» **Exercise requirements**
The answer is to be the data that follows, transcribed exactly, minus its pictures.

» **Dataset content**

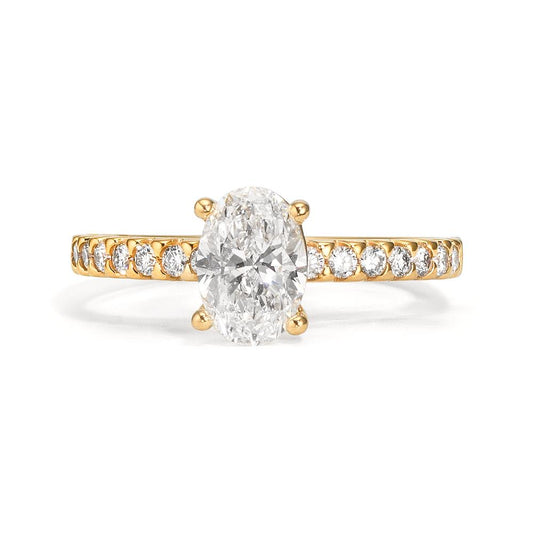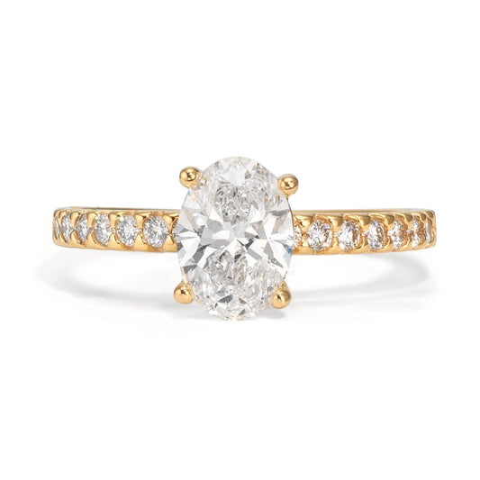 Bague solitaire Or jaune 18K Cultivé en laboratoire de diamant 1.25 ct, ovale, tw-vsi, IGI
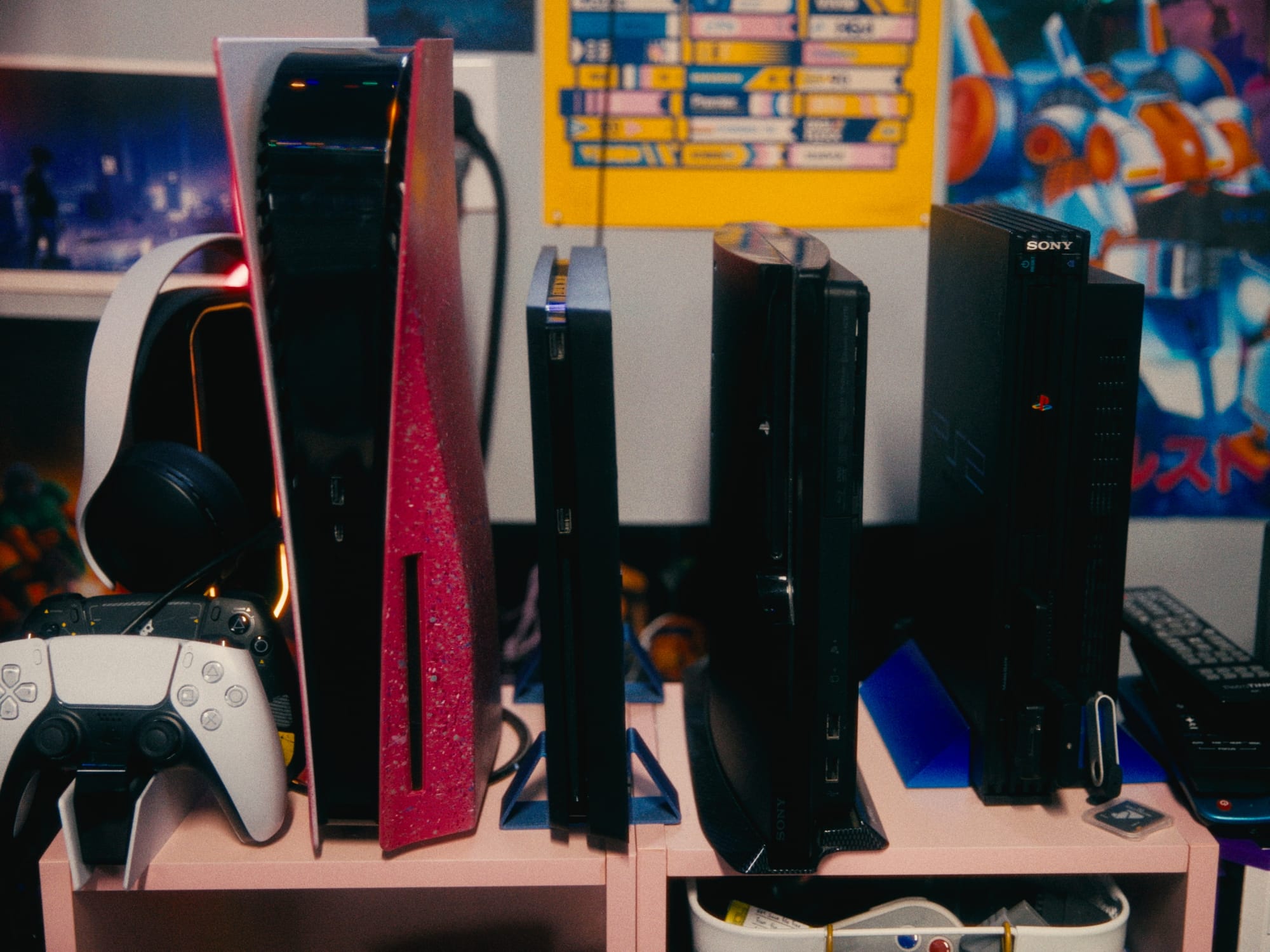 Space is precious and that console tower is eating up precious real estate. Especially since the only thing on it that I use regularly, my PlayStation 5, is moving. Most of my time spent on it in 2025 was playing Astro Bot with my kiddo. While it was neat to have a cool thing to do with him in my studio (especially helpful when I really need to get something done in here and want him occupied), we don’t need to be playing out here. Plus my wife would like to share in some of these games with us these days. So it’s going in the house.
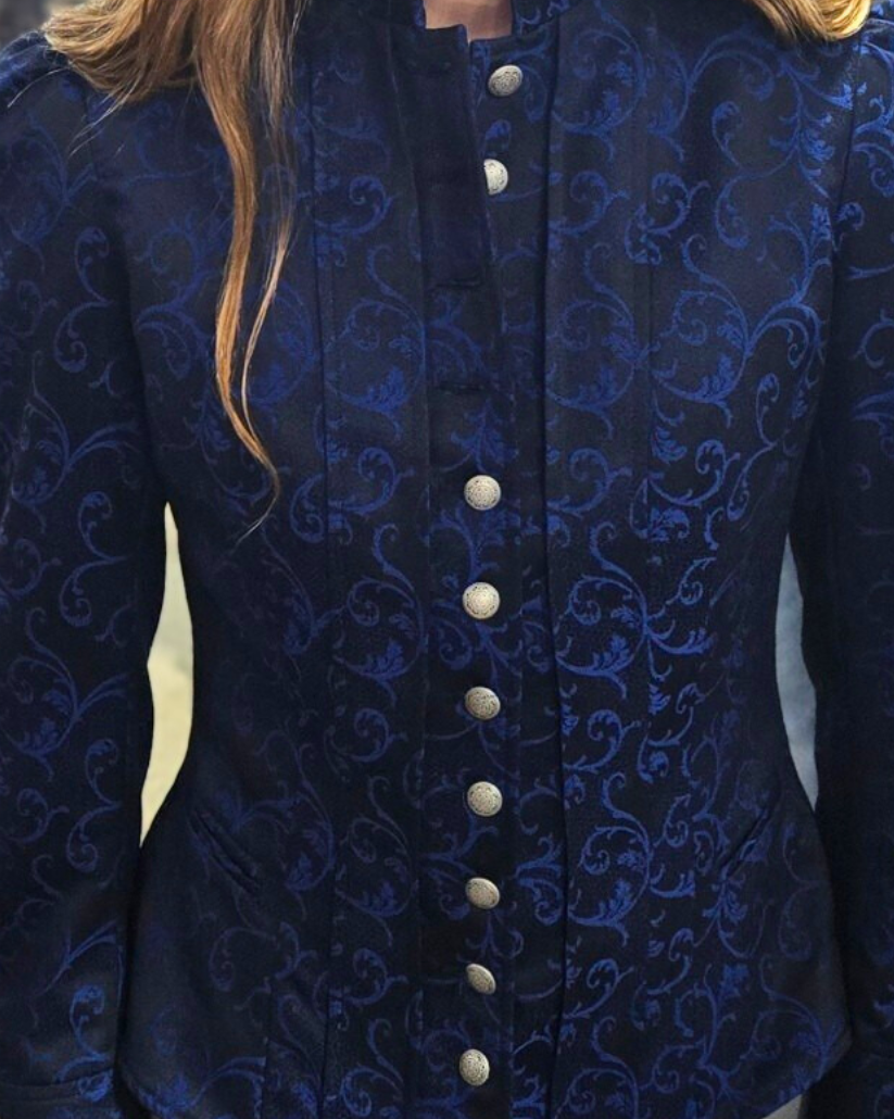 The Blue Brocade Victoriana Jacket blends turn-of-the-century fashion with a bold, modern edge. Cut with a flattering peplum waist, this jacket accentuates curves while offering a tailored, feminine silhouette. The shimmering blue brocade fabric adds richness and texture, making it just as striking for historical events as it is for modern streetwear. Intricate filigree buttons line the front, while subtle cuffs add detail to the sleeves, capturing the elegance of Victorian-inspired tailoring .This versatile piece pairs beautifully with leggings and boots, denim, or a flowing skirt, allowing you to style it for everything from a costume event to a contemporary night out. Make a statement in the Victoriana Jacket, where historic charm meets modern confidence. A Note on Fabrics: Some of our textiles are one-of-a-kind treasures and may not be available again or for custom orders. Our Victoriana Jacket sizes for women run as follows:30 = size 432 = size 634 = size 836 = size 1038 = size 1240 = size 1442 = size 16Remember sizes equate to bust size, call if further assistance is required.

» **Task response**
 Bague solitaire Or jaune 18K Cultivé en laboratoire de diamant 1.25 ct, ovale, tw-vsi, IGI
 Space is precious and that console tower is eating up precious real estate. Especially since the only thing on it that I use regularly, my PlayStation 5, is moving. Most of my time spent on it in 2025 was playing Astro Bot with my kiddo. While it was neat to have a cool thing to do with him in my studio (especially helpful when I really need to get something done in here and want him occupied), we don’t need to be playing out here. Plus my wife would like to share in some of these games with us these days. So it’s going in the house.
 The Blue Brocade Victoriana Jacket blends turn-of-the-century fashion with a bold, modern edge. Cut with a flattering peplum waist, this jacket accentuates curves while offering a tailored, feminine silhouette. The shimmering blue brocade fabric adds richness and texture, making it just as striking for historical events as it is for modern streetwear. Intricate filigree buttons line the front, while subtle cuffs add detail to the sleeves, capturing the elegance of Victorian-inspired tailoring .This versatile piece pairs beautifully with leggings and boots, denim, or a flowing skirt, allowing you to style it for everything from a costume event to a contemporary night out. Make a statement in the Victoriana Jacket, where historic charm meets modern confidence. A Note on Fabrics: Some of our textiles are one-of-a-kind treasures and may not be available again or for custom orders. Our Victoriana Jacket sizes for women run as follows:30 = size 432 = size 634 = size 836 = size 1038 = size 1240 = size 1442 = size 16Remember sizes equate to bust size, call if further assistance is required.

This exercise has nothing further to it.